PROBLEM REQUIREMENTS: Below are the records; give again exactly the lines from the one containing "学生认真查看高教授带来的原版1974年人民日报" through the one containing "中国磁器 古美味 中国古玩921", leaving out pictures.

DATASET EXTRACT:
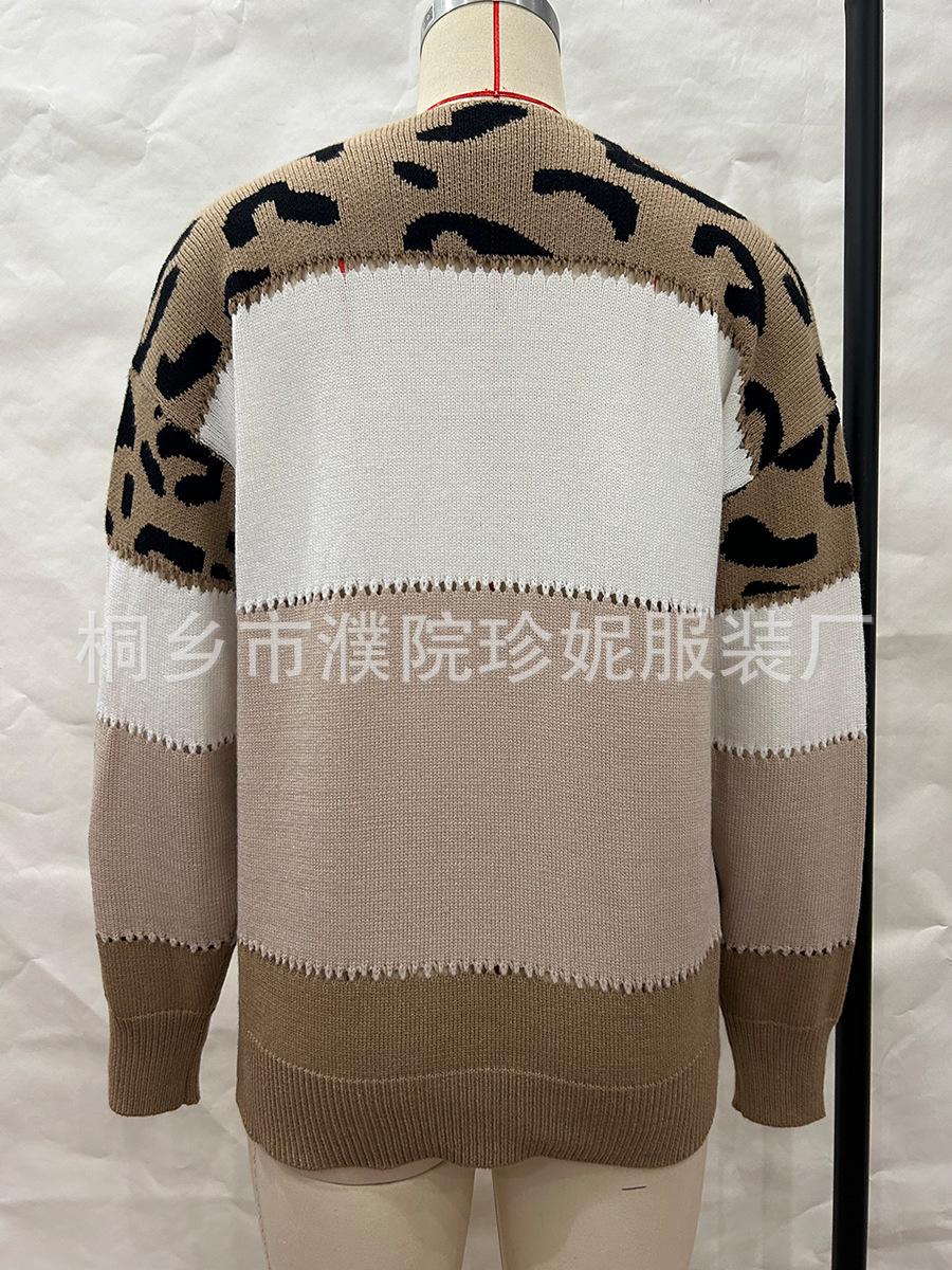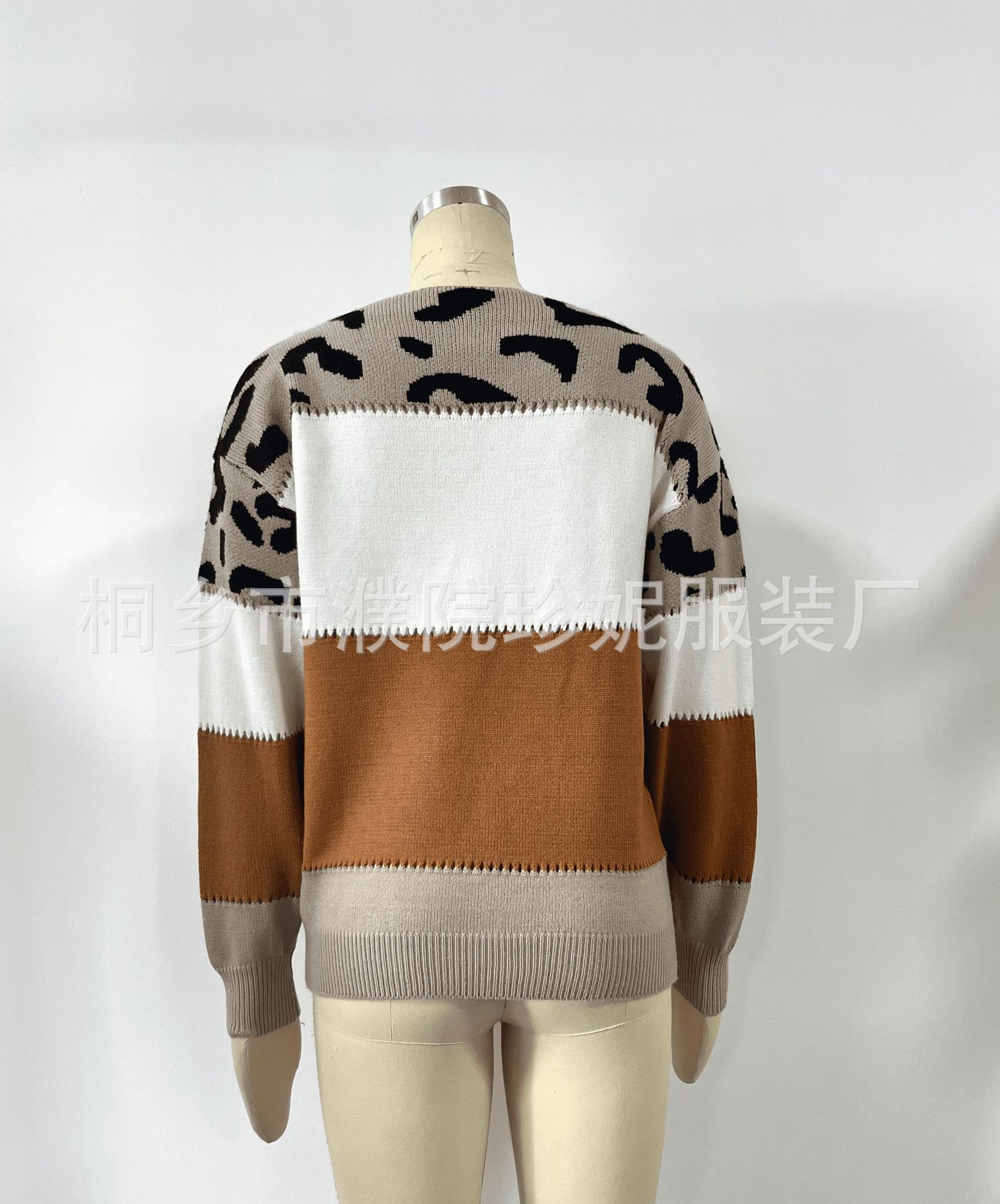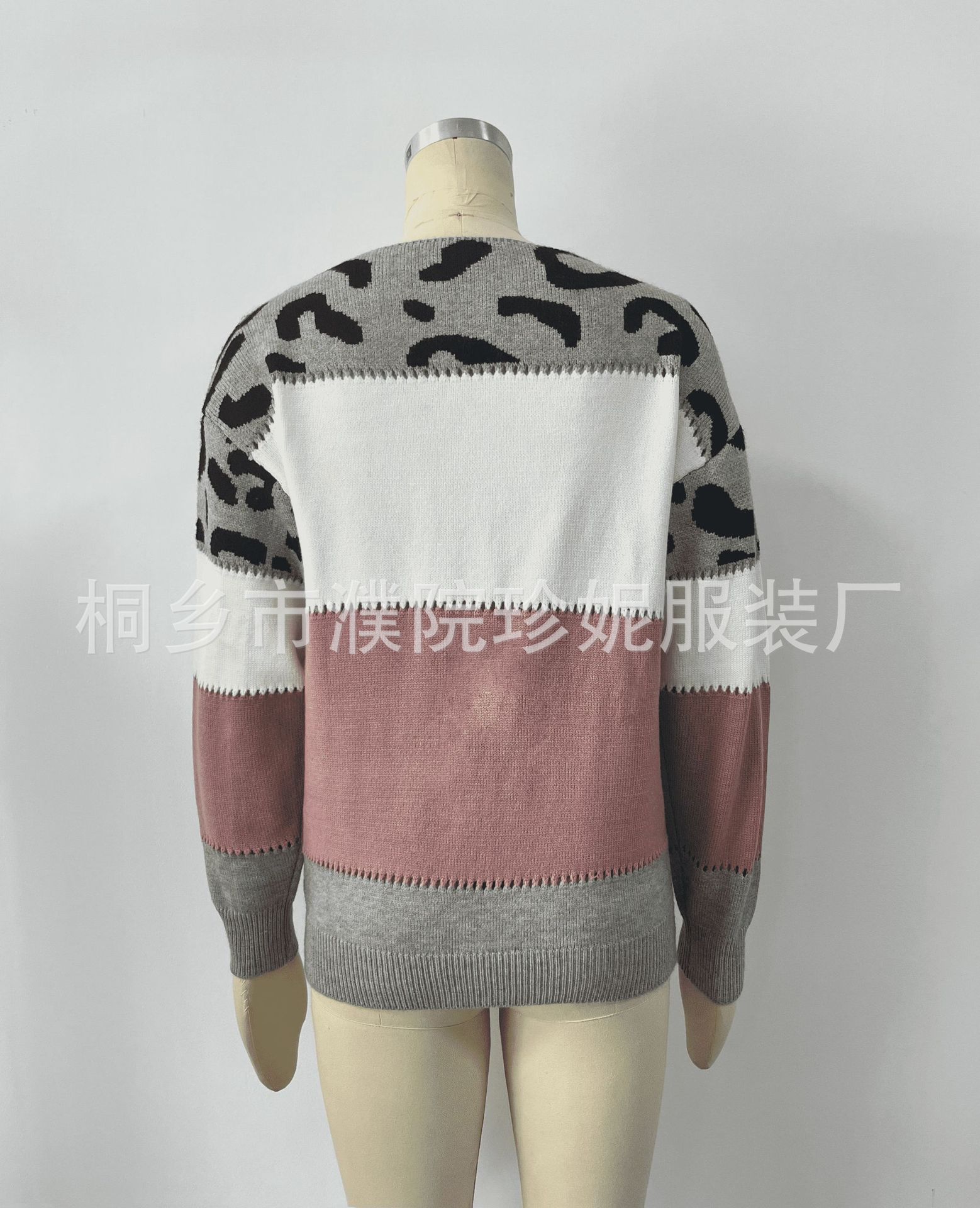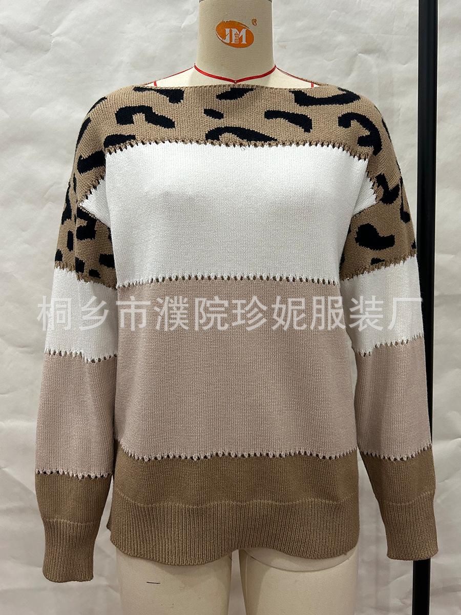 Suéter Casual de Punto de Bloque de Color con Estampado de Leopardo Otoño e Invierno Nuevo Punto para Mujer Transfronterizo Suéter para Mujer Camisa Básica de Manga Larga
* * *
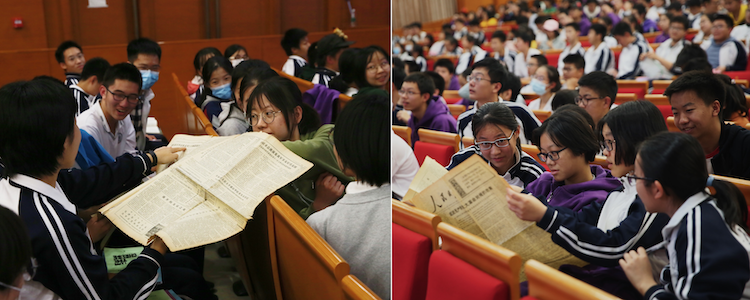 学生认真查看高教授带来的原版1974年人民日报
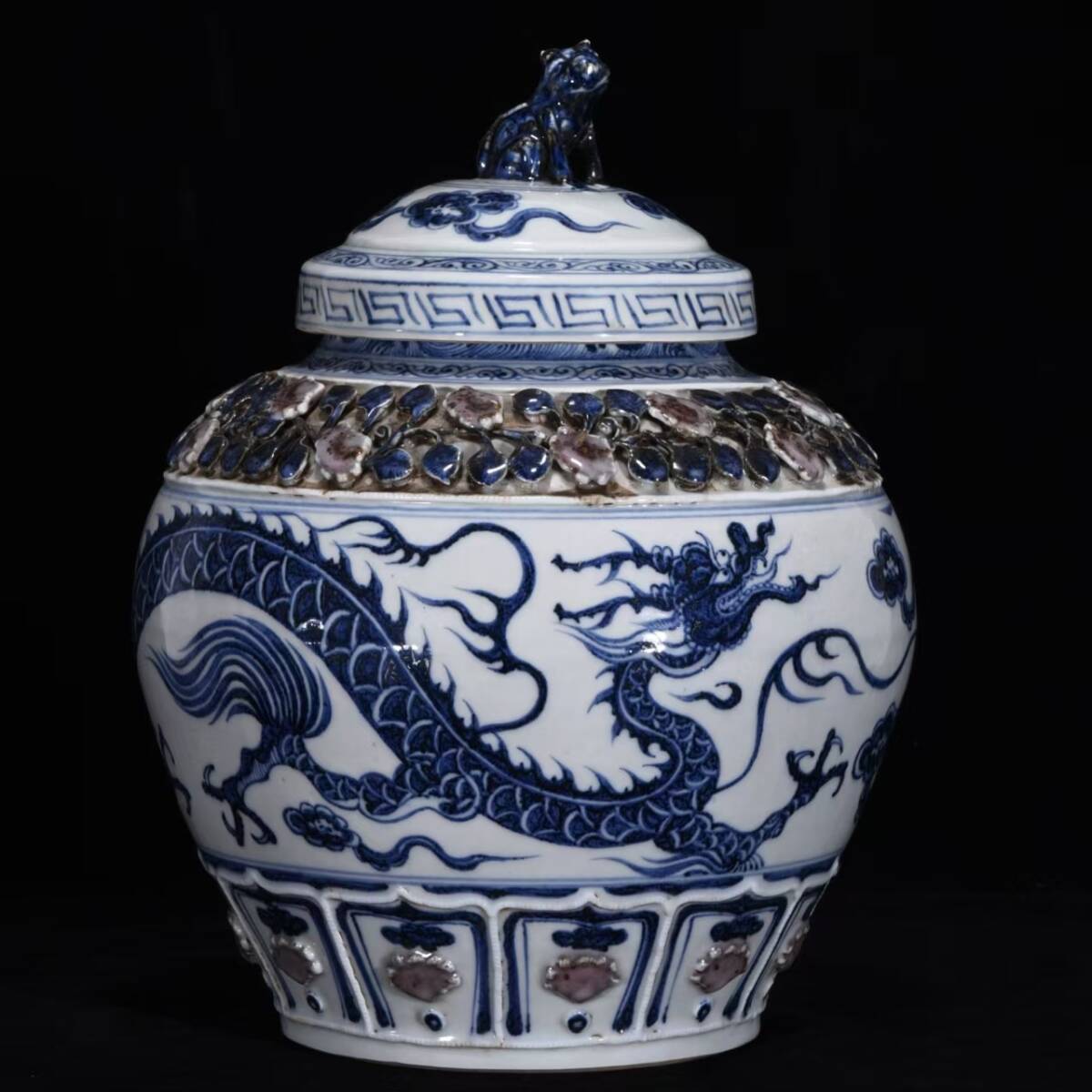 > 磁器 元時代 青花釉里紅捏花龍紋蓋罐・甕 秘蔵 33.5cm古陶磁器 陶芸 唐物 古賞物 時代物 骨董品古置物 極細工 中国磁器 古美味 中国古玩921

REPLY TO THE TASK:
 学生认真查看高教授带来的原版1974年人民日报
 > 磁器 元時代 青花釉里紅捏花龍紋蓋罐・甕 秘蔵 33.5cm古陶磁器 陶芸 唐物 古賞物 時代物 骨董品古置物 極細工 中国磁器 古美味 中国古玩921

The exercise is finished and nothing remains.